Bölüm 614: Doğudan Yükselen Güneş Kadar Başarısızım, Yenilmezim!

Yazı Boyutu :

Önceki Sonraki

Otherworldly Evil Monarch Bölüm 614: Doğudan Yükselen Güneş Kadar Başarısızım, Yenilmezim! Makine Çevirisi ile www.makineceviri.xyz adresinden okuyorsunuz... Daha fazlası için yorum yapıp siteyi paylaşabilirsiniz... Novel, Novel Oku, Light Novel, Web Novel, Türkçe Novel, Makine Çeviri, MakineÇeviri, Makine Çeviri Oku, Otherworldly Evil Monarch Bölüm 614: Doğudan Yükselen Güneş Kadar Başarısızım, Yenilmezim! Oku, Otherworldly Evil Monarch Bölüm 614: Doğudan Yükselen Güneş Kadar Başarısızım, Yenilmezim! Makine Çeviri Oku, Otherworldly Evil Monarch Bölüm 614: Doğudan Yükselen Güneş Kadar Başarısızım, Yenilmezim! Türkçe Oku, Otherworldly Evil Monarch Bölüm 614: Doğudan Yükselen Güneş Kadar Başarısızım, Yenilmezim! Online Oku, Makine Çeviri, Otherworldly Evil Monarch Bölüm 614: Doğudan Yükselen Güneş Kadar Başarısızım, Yenilmezim! Novel Oku Makine Çeviri, Makine Çevirisi ile Novel Oku , Türkçe Oku,

Bölüm 614: Doğudan Yükselen Güneş Kadar Başarısızım, Yenilmezim!
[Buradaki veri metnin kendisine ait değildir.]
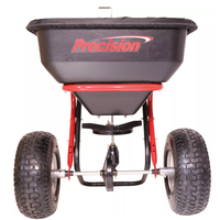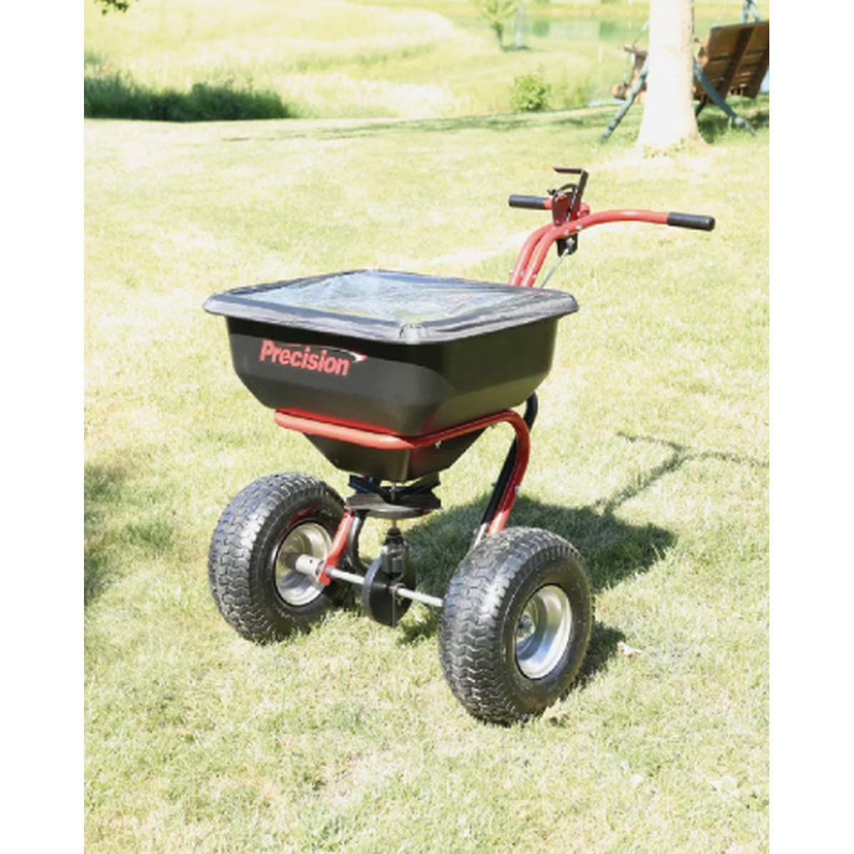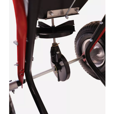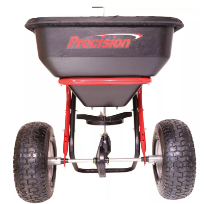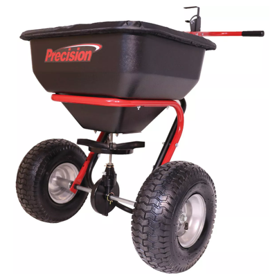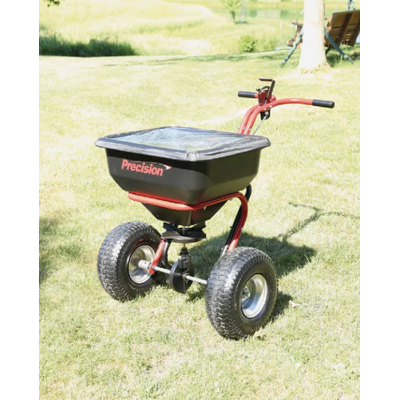 130 lb capacity spreader provides 25,000 sq ft of coverage. Poly hopper and steel spreader plate, direct drive control, powder-coated expanded metal screen, 1" steel tubing, 5/8" solid axle, enclosed metal with grease fitting gears, 10' to 12' spread pattern, direct rod cable control, larger spinner disc, grate, and anti-spill/rain cover. Foam comfort grip T-handles and 15" x 6" pneumatic treaded turf tires. 1 year warranty. Proudly Made in USA.
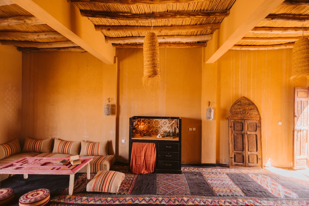 A lakás a semmi közepén található, dűnékkel körülvéve, így a turizmuson kívül nagyon privát módon élvezheted az igazi sivatagot. Ha szeretnéd, reggelizhetünk és vacsorázhatunk a környéken. Az éttermet a galériában láthatod. A lakás a szintén bérelt főházhoz van csatolva. Jelenleg, ahogy a fényképeken is láthatod, van egy franciaágy, de ha többen vagytok, az igényeidnek megfelelően biztosítunk pótágyat.
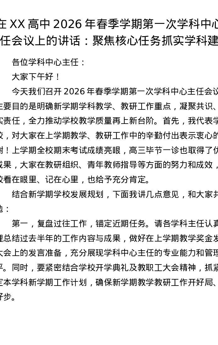 在XX高中2026年春季学期第一次学科中心主任会议上的讲话:聚焦核心任务抓实学科建设
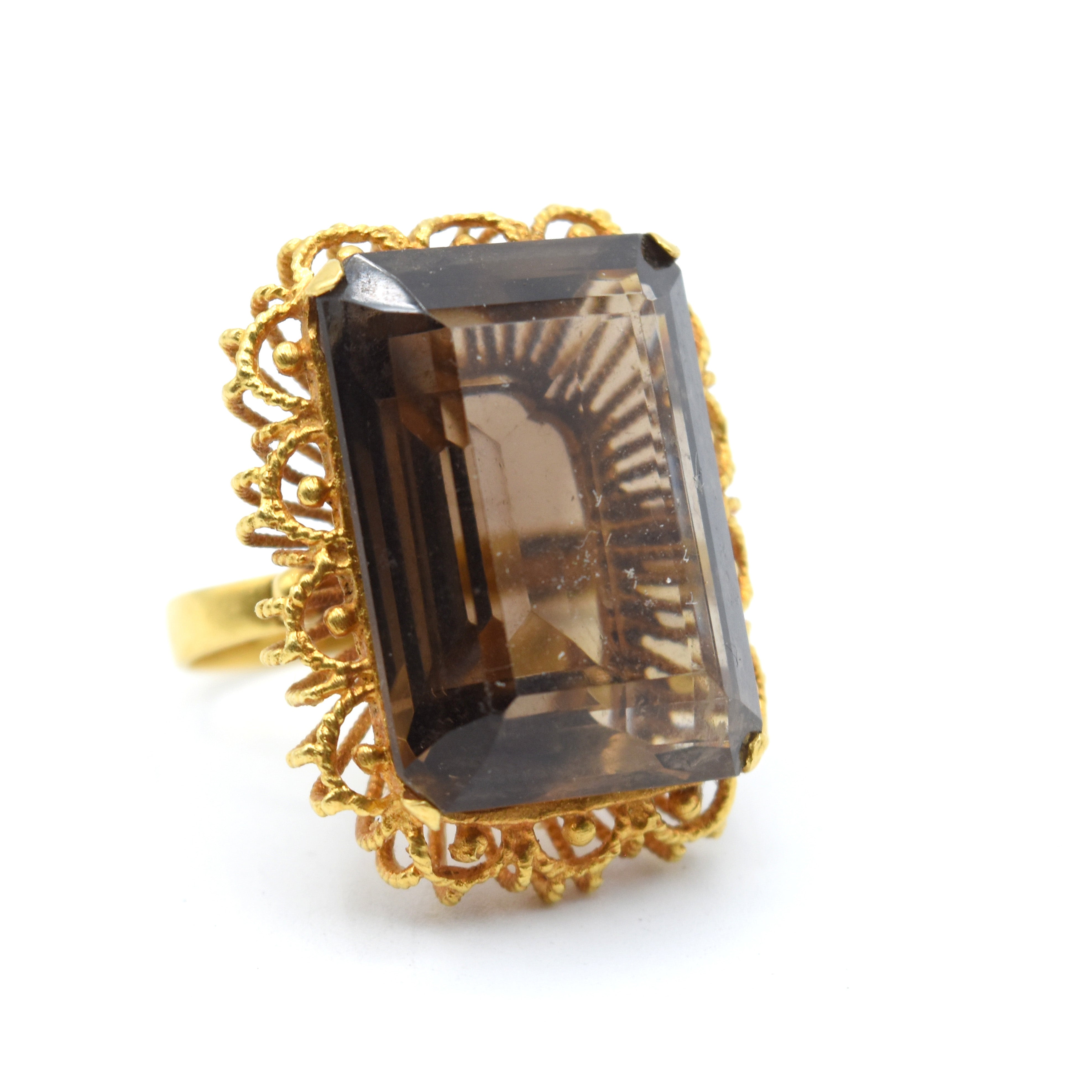 Ring in 18 kt geelgoud bezet met 1 gerookte quartz (beschadigd, gedeukt) - 16.3 gr bruto (Maat: 52.5)
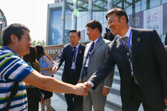 董事长、校长郑立国与中国著名漫画家、《漫友》杂志主编金城亲切拥抱(刘子铭 摄)
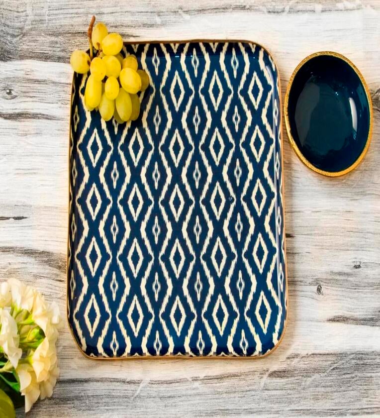 This Square shaped aluminium platter has a glossy enamel core with a mesmerising Ikkat print that adds elegance to your table setting. It wears a coat of lacquer that meets international food safety standards. Paired with an aluminium dip bowl with, its ideal for serving snacks or passing nibbles at a party.Care: avoid from deep water soaks and hard cleaning chemical.
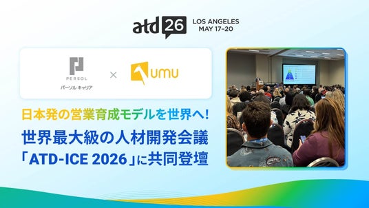 パフォーマンス向上を支援するAI活用学習プラットフォーム「UMU(ユーム)」を展開するユームテクノロジージャパン株式会社(本社:東京都新宿区、代表取締役:松田 しゅう平、以下 ユームテクノロジージャパン)は、パーソルキャリア株式会社(本社:東京都港区、代表取締役社長:瀬野尾 裕、以下 パーソルキャリア)とともに、2026年5月に米国・カリフォルニア州で開催される世界最大級の人材開発カンファレンス「ATD International Conference & Exposition 2026(以下、ATD-ICE 2026)」のスピーカーとして選出されたことをお知らせします。
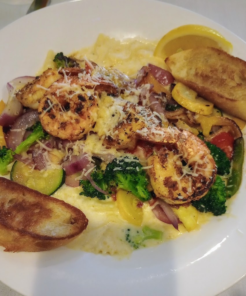 Party of five all first-timers. Three of us ordered the prime rib dinner, one had salmon and one had shrimp alfredo. We started in the bar and then were taken to a table. The appetizer came out with our meal right behind it which was disappointing, our service once we were at a table was a bit less consistent and we had to actually find our waitress on a couple of occasions. The food was very good, a little more high-priced than we expected. We would definitely go back though.
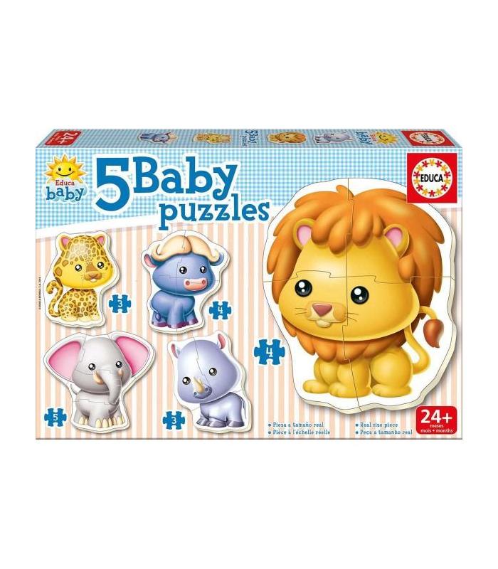 Puzzle EDUCA Baby 3-5 Piezas, Animales Salvajes. Los puzzles para los más pequeños de la casa.
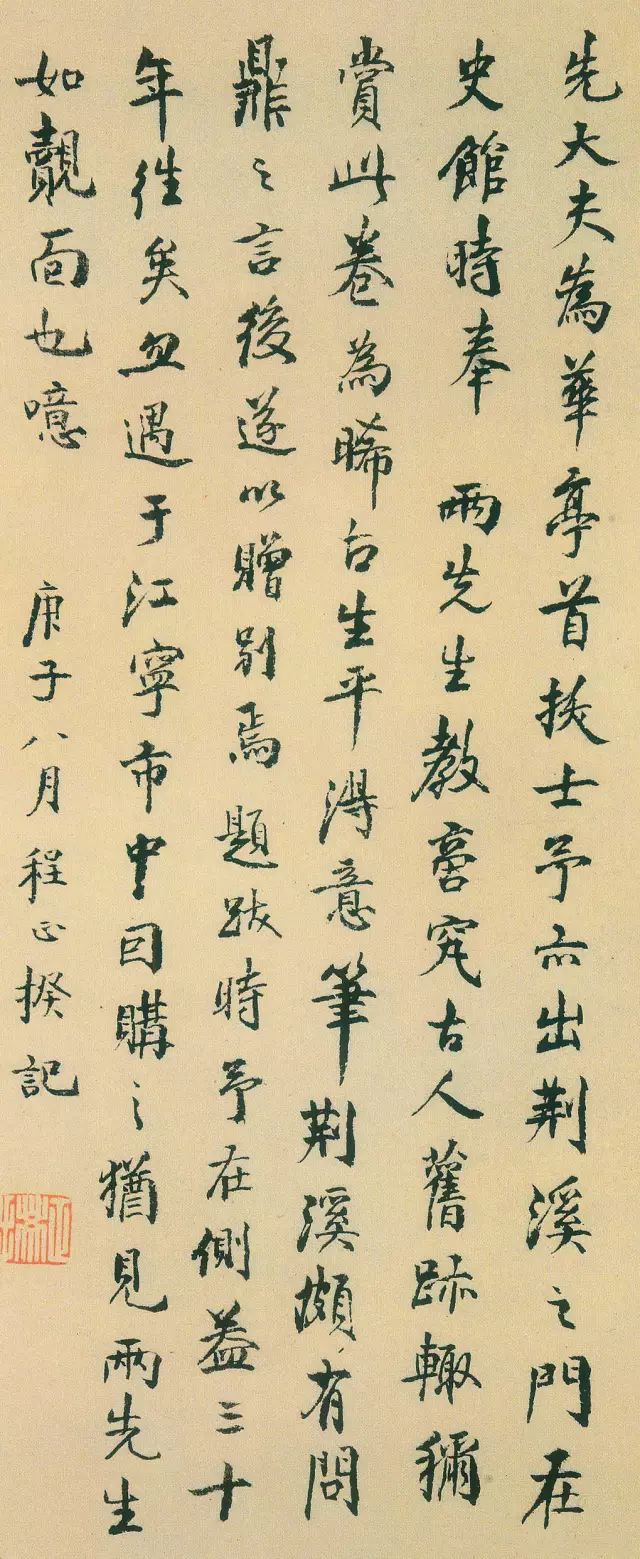 程正揆(1604-1676),字端伯,號鞠陵,青溪道人,湖北孝感人。明時任翰林院編修、尚寶司卿,入清又任工部左侍郎。擅山水,書法擅楷書、行書,師法李邕、顏真卿,結體平正中寓奇險,豐韻蕭然。
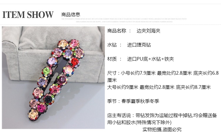 韓國鑲鉆邊夾 韓版水晶BB夾皮質夾劉海夾小號大號發夾碎頭發飾品1入
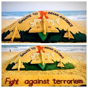ପୁରୀ: ପାକିସ୍ତାନ ସୀମାରେ ଭାରତୀୟ ବାୟୁସେନା ପକ୍ଷରୁ ମଙ୍ଗଳବାର ଦିନ ସକାଳେ ଆକ୍ରମଣ କରାଯାଇ ୩୦୦ ରୁ ଅଧିକ ଆତଙ୍କବାଦୀଙ୍କୁ ନିପାତ କରିଥିବା ଲାଗି ପ୍ରଖ୍ୟାତ ବାଲୁକା ଶିଳ୍ପୀ ସୁଦର୍ଶନ ପଟ୍ଟନାୟକ ତାଙ୍କର ଏକ ସୁନ୍ଦର ବାଲୁକା କଳା ମାଧ୍ୟମରେ ବାୟୁସେନାର ଯବାନଙ୍କୁ ଧନ୍ୟବାଦ ଜ୍ଞାପନ କରିଛନ୍ତି ।
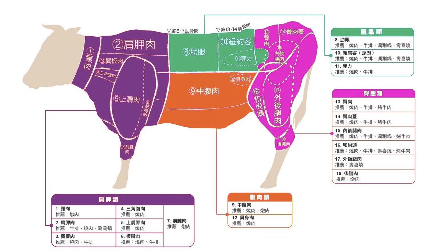 部位分類:牛肉依照不同部位有不同的口感與烹調方式,例如肋眼(Ribeye)油花多、適合煎烤;牛腱結實,適合燉煮;菲力(Tenderloin)肉質細嫩,適合快煎或炙燒。
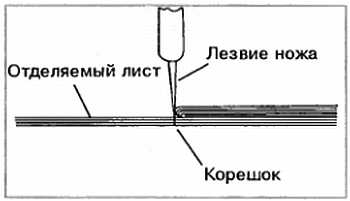 Получение очередного номера любимого журнала приносит в семью оживление, радость. Здесь всегда много интересного и полезного, а к некоторым материалам возвращаешься не раз годы спустя. К сожалению, со временем журналов накапливается столько, что их некуда девать. Волей-неволей приходишь к нелегкому решению оставить дома только небольшую часть публикаций, содержащих наиболее ценную, «руководящую» информацию. Поначалу отвечающие этому листы просто вырывались и складывались в папки с «ботиночными» тесемками. Получалось громоздко, неэстетично и неудобно в пользовании. Возникла мысль брошюровать коллекцию, но как? Теперь, после серии проб и ошибок, это кажется элементарно простым, но до такого нужно дойти. Подобная задача наверняка встает перед многими читателями, поэтому рискну поделиться нашим семейным опытом. В качестве обложки будущего «тома» вырезок берется обложка, например, от номера за данный год. Ее нужно аккуратно отделить от блока в виде единого целого. Нужные страницы ни в коем случае не следует отрывать только подрезка у корешка концом лезвия перочинного ножа обеспечит последующую аккуратную сборку. Прежде чем подрезать лист, обратите внимание, с какой стороны от него находится более толстый слой страниц. Именно он послужит удобной направляющей своего рода линейкой для лезвия ножа (рис. 1).
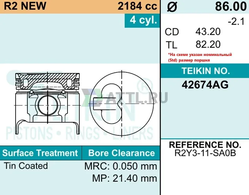 Диаметр поршня STD86.00

Çevirmen AtlasStudios Editör: AtlasStudios

"Ne kadar esrarengiz... Wen Xin'in gençliğine tıpatıp benziyorsunuz, gerçekten çok benziyorsunuz..." Yaşlı Madam Dongfang kırışmış ellerini nazikçe Jun Mo Xie'nin yüzüne koydu. Gözleri nemlendi ve sonunda iki damla yaş süzüldü. Torununu görüşü artık buğulanmış olsa da, gözlerini silmek için ellerini onun yüzünden çekmeye dayanamadı. Hafif bir çekişle Jun Mo Xie'yi kollarının arasına aldı, gözyaşları yüzünden torununun boynuna akarken vücudu ağır ağır titriyordu. "Sevgili torunum... Anneni bunca yıldır görememek... Senin için çok zor oldu..."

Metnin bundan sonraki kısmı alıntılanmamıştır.